■ **Problem to solve**
Print, with no pictures, the exact lines that run from the one containing "华大在线讯(通讯员 申定羽)" through the last line of the material below, both ends included.

■ **Data**
= = = = = = =
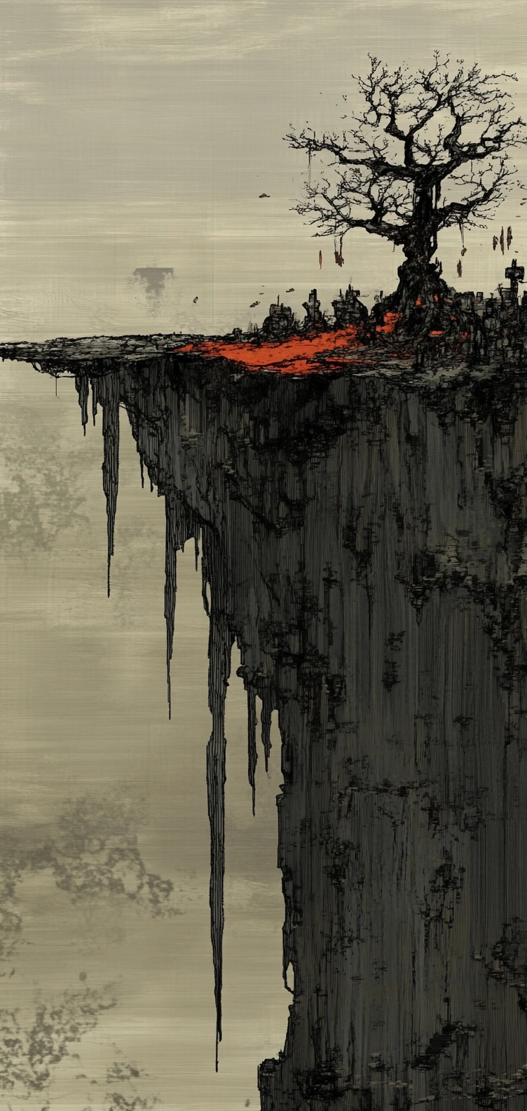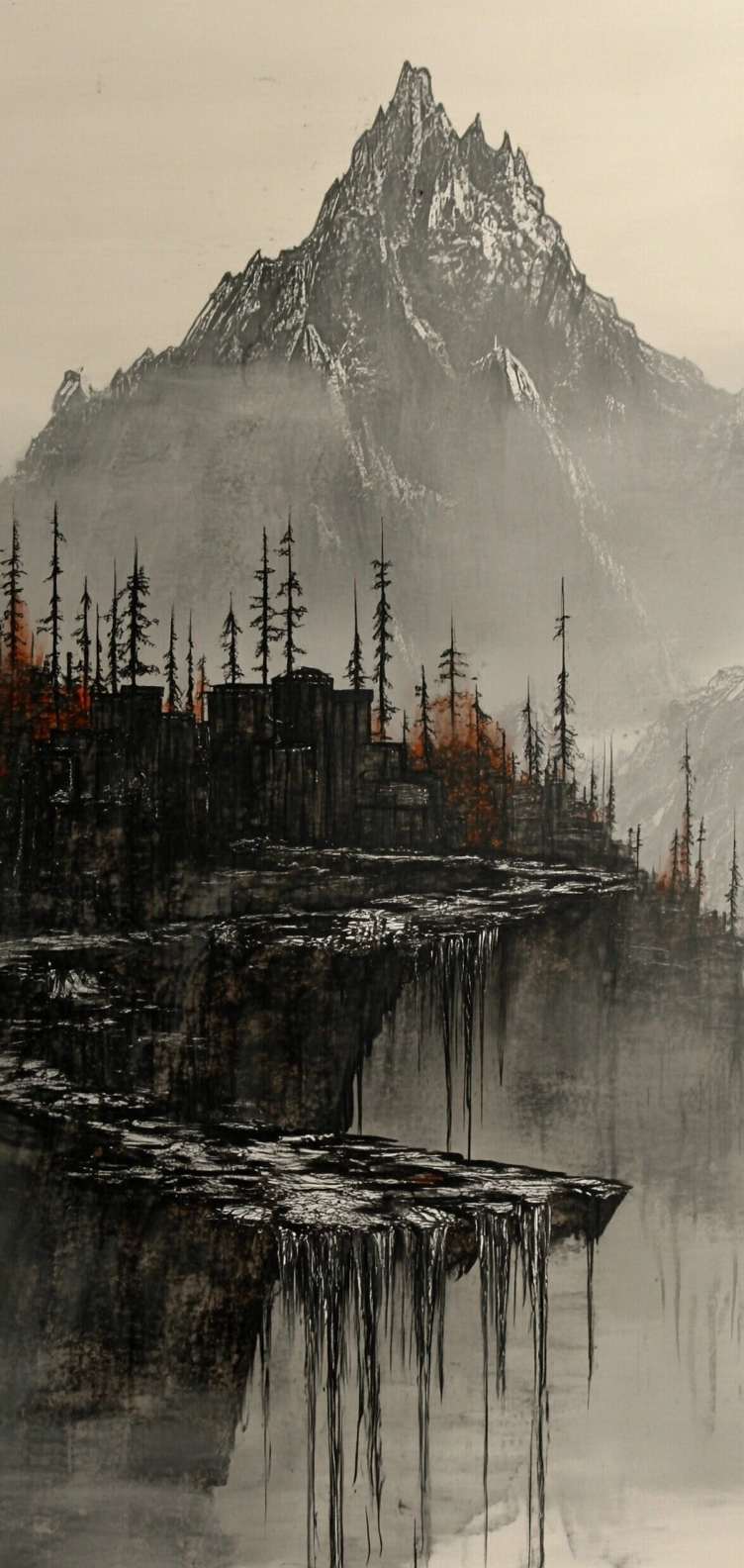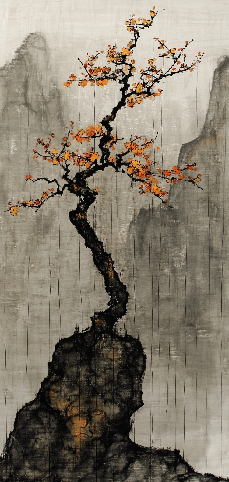 Soft, diffused lighting creates depth and mood. Predominantly muted grays and blacks are punctuated by vibrant oranges. The spatial sense is dramatic with high vertical elements and steep perspectives. Textures range from rocky surfaces to delicate branches.
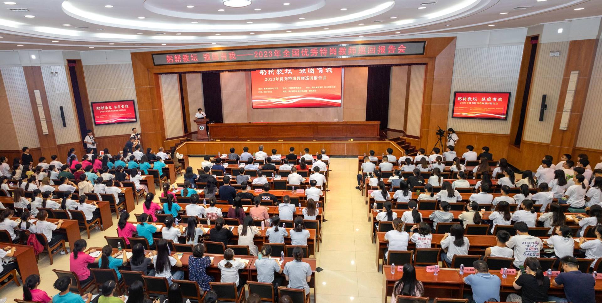 华大在线讯(通讯员 申定羽)9月2日,“躬耕教坛,强国有我”全国优秀特岗教师巡回报告会在科学会堂一楼报告厅举行。教育部教师工作司副司长黄小华、湖北省教育厅副厅长邓立红、校长郝芳华,以及湖北大学、湖北第二师范学院、武汉城市职业学院、湖北幼儿师范高等专科学校领导及师生参加。报告会由副校长彭双阶主持。
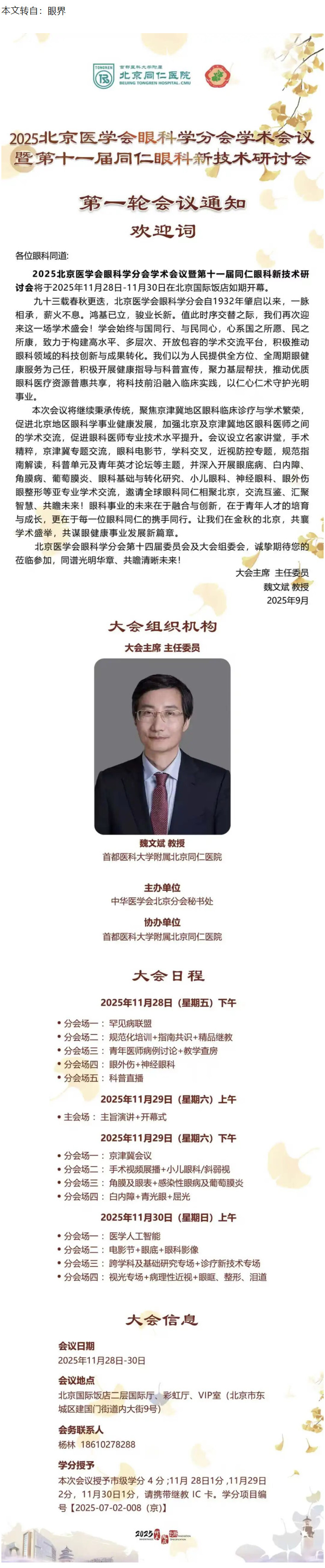 11.28-30北京丨2025北京医学会眼科学分会学术会议暨第十一届同仁眼科新技术研讨会---2025.9.18 发布时间:2025-09-18 来源: 作者:
= = = = = = =
■ **Exercise output**
 华大在线讯(通讯员 申定羽)9月2日,“躬耕教坛,强国有我”全国优秀特岗教师巡回报告会在科学会堂一楼报告厅举行。教育部教师工作司副司长黄小华、湖北省教育厅副厅长邓立红、校长郝芳华,以及湖北大学、湖北第二师范学院、武汉城市职业学院、湖北幼儿师范高等专科学校领导及师生参加。报告会由副校长彭双阶主持。
 11.28-30北京丨2025北京医学会眼科学分会学术会议暨第十一届同仁眼科新技术研讨会---2025.9.18 发布时间:2025-09-18 来源: 作者:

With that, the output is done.